HC Verma's explanation is in some sense a "Proof by contradiction" method. So let's assume 2 things first. Firstly, let's assume that the flow of electrons in a conductor is analogous to the physical flow of water in a pipe. In other words, $I=\frac{q}{t}$ is analogous to the flow of water $f=\frac{V}{t}$ where $q$ is the charge flowing through a cross-section and $V$ is the volume of water flowing through a cross-section. Also assume water is incompressible.

Secondly. let's make the assumption that the current does in fact decrease as it passes through a resistor. This is going to be the assumption we are going to contradict.

Saying that a current decreases after passing due to resistance is sort of like saying that the flow of water passing through a pipe decreases due to friction. Here, the resistance and friction play the role of opposing the flow of electrons and water respectively. But this causes a dilemma. If the initial flow is more than the final flow, this implies that the volume of water entering the pipe per second is more than the volume of water leaving the pipe per second. Where is the water disappearing? Is it getting stuck somewhere in the pipe? Well if that's the case and if chunks of water were to be accumulated within the pipe, then it would cause the pipe to burst... which does not happen in practical scenarios.

What this tells us is that the volume of water entering the pipe per second should be equal to the volume of water exiting the pipe per second. Analogously the amount of charge entering the resistor per second should be equal to the charge exiting the resistor per second. In other words, the initial current and the final current are both equivalents.

This reasoning arises from the conservation of charge which is often expressed by the continuity formula given by Roger Vadim. Incompressible fluids, like the one we used in our analogy, too have a continuity formula given by $A*v=m=$constant, where $A$ is the area, $v$ is velocity and $m$ is mass, which is ultimately the conserved physical quantity.

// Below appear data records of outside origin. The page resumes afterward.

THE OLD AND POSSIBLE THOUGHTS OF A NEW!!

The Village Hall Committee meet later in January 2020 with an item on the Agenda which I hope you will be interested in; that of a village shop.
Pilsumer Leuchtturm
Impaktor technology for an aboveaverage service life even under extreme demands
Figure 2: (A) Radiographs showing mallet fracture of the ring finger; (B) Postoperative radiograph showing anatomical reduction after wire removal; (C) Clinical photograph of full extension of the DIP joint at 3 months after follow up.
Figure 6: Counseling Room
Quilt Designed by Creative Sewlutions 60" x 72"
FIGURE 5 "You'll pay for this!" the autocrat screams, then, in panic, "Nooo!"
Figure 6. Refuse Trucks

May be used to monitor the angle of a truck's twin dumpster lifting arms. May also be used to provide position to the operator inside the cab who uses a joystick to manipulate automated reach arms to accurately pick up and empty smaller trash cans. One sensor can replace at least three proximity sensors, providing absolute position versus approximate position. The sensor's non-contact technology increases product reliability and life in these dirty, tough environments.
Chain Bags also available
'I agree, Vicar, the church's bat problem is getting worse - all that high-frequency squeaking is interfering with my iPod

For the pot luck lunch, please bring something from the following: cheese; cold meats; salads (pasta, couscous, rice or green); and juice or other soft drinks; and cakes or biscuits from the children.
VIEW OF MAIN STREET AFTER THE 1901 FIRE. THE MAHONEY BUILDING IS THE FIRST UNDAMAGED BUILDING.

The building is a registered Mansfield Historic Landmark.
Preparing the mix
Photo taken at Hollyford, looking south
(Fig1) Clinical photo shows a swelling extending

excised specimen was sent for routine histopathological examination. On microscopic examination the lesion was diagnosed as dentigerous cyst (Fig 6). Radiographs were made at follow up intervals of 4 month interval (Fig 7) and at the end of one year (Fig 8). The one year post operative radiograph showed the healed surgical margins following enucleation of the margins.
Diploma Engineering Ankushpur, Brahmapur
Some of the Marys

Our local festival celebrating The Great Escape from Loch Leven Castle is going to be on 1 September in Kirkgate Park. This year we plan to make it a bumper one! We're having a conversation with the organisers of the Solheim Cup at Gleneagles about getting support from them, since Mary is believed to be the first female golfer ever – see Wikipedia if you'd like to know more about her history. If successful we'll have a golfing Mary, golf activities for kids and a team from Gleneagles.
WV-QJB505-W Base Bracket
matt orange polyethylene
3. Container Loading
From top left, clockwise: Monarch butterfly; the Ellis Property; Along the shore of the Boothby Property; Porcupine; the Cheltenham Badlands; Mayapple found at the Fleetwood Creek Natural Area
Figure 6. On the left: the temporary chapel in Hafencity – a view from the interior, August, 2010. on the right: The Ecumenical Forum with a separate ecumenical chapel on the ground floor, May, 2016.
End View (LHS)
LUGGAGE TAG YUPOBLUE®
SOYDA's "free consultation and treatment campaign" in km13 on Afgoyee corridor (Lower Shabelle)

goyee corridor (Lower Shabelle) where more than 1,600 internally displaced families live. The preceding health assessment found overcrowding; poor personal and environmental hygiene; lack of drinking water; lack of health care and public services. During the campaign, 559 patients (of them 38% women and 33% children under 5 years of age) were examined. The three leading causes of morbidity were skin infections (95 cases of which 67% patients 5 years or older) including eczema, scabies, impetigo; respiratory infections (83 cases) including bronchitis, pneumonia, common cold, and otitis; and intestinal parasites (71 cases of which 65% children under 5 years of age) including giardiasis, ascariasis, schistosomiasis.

Note that in the video, HC Verma spoke about the flow of water in terms of velocity, arguing that it remains constant. But this is not strictly true as it depends on the area of cross-section, as shown in the continuity equation. Less area means more velocity. You can picture this easily. Likewise, the velocity of electrons (ie drift velocity) is also inversely proportional to the area of the conductor. But that's a different formula that you will come across later.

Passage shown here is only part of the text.